Understanding NVIDIA's world model platform Cosmos in one article

Written by

Silas Grey

Updated on:June-28th-2025

In today's era of rapid development of artificial intelligence, new technologies and platforms are emerging like mushrooms after rain. As a giant in the field of science and technology, NVIDIA launched the Cosmos world basic model platform at CES in January 2025. As soon as it was unveiled, it attracted global attention and set off a new wave in the field of artificial intelligence.

|| Background of the Cosmos platform

As artificial intelligence gradually moves from theoretical research to practical application, physical AI systems, such as robots and self-driving cars, face huge development challenges. Training these physical AI systems requires a lot of manpower and resources, and usually requires collecting, labeling, and classifying millions of hours of real-world image data. For example, in order to train an autonomous car that can drive safely in complex road conditions, it is necessary to collect a large amount of driving video data in different scenes and weather conditions, and accurately label the various elements in it. This process is not only costly, but also time-consuming and labor-intensive.

To solve these problems, NVIDIA carefully created the Cosmos platform, aiming to lower the development threshold of physical AI systems through innovative technical means, accelerate its development process, and enable more developers to devote themselves to innovation and practice in the field of physical AI.

Simply put, Cosmos is a world model platform with a series of open-source and open-weight video world models with parameters ranging from 4B to 14B. The purpose of these models is very clear, that is, to generate massive amounts of photo-realistic and physics-based synthetic data for AI systems operating in the physical world, such as robots and self-driving cars, thereby solving the problem of extremely scarce data in this field.

The generated effect is as follows:

|| Core components of the Cosmos platform

1. World Foundation Models

This is the core engine of the Cosmos platform . These models are based on advanced deep learning techniques such as diffusion models and autoregressive models, and have powerful generation capabilities.

Category 1: Diffusion Model

It can generate realistic visual simulations based on text prompts and video prompts. For example, when the developer inputs a text describing "vehicles and pedestrians pass in an orderly manner on a sunny city street", the diffusion model can generate a corresponding realistic scene video, which is suitable for the application scenario of Text2World. Or input a video prompt containing part of the scene, and the model can generate a more complete and coherent scene based on it, that is, the Video2World scene.

The second type: autoregressive model

Generate the future visual world based on video prompts (optionally with text prompts). Assuming a video of the robot's current position and action in the warehouse is input, the autoregressive model can predict the robot's next action and position change in the environment, and generate a visual world simulation for a period of time in the future.

These models are large in scale, ranging from 4 billion to 14 billion parameters, and are divided into three categories: Nano, Super, and Ultra. Nano is suitable for real-time, low-latency reasoning and edge deployment, with relatively few parameters, and can run quickly on resource-limited edge devices; Super is a "high-performance baseline" model that can be directly used for fine-tuning and deployment; Ultra pursues maximum accuracy and high-quality output, providing the best fidelity knowledge transfer for refining custom models.

2. Advanced Tokenizer

The Cosmos platform is equipped with advanced visual taggers, such as the Cosmos Tokenizer. It can convert images and videos into tokens, with an overall compression rate that is 8 times higher and processing speed that is 12 times faster than the current leading tagger. This efficient conversion process enables video data to be processed and understood by the model more quickly and efficiently, greatly improving the efficiency and quality of data processing.

3. Guardrail

In order to ensure the safe and reliable operation of the platform and comply with ethical and legal norms, the Cosmos platform has set up a guardrail model. It can ensure that the model is used "responsibly", prevent adverse consequences such as privacy leakage and bias, and provide a solid guarantee for the stable operation and wide application of the platform.

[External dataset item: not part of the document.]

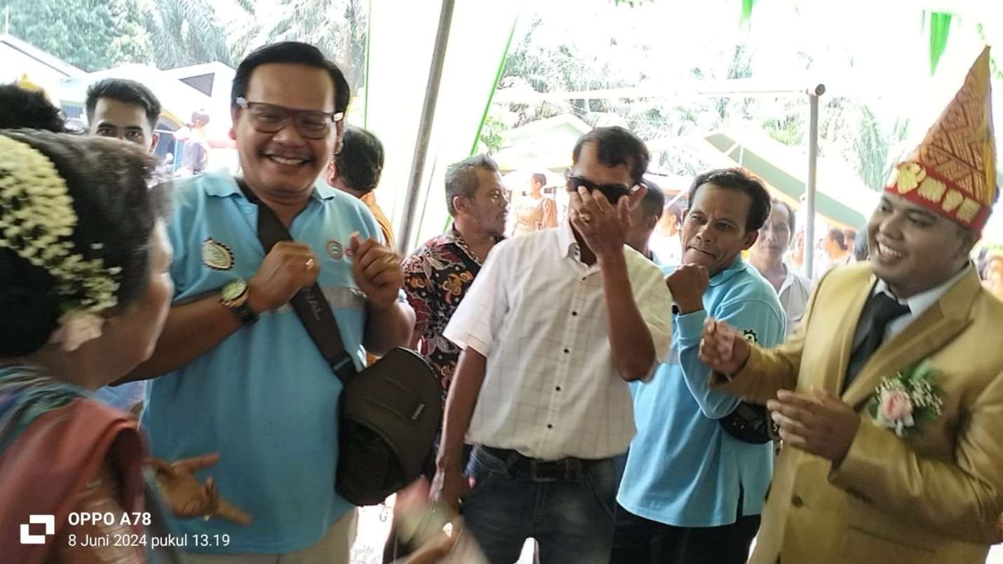 RIAUMERDEKA-Pimpinan Unit Kerja Federasi Serikat Pekerja Pertanian dan Perkebunan Sei Kuning Jaya (PUK F. SPPP SKJ) Desa Sei Kuning hadiri pesta pernikahan.

4. Accelerating the video processing pipeline

With the NVIDIA NeMo™ Curator-driven NVIDIA AI and CUDA® accelerated data processing pipeline, developers can use the NVIDIA Blackwell platform to process, organize and label 20 million hours of video in 14 days, while it would take more than 3 years to use CPU alone. This powerful acceleration capability greatly shortens the data processing time, allowing developers to extract valuable information from raw data faster and accelerate the model training and optimization process.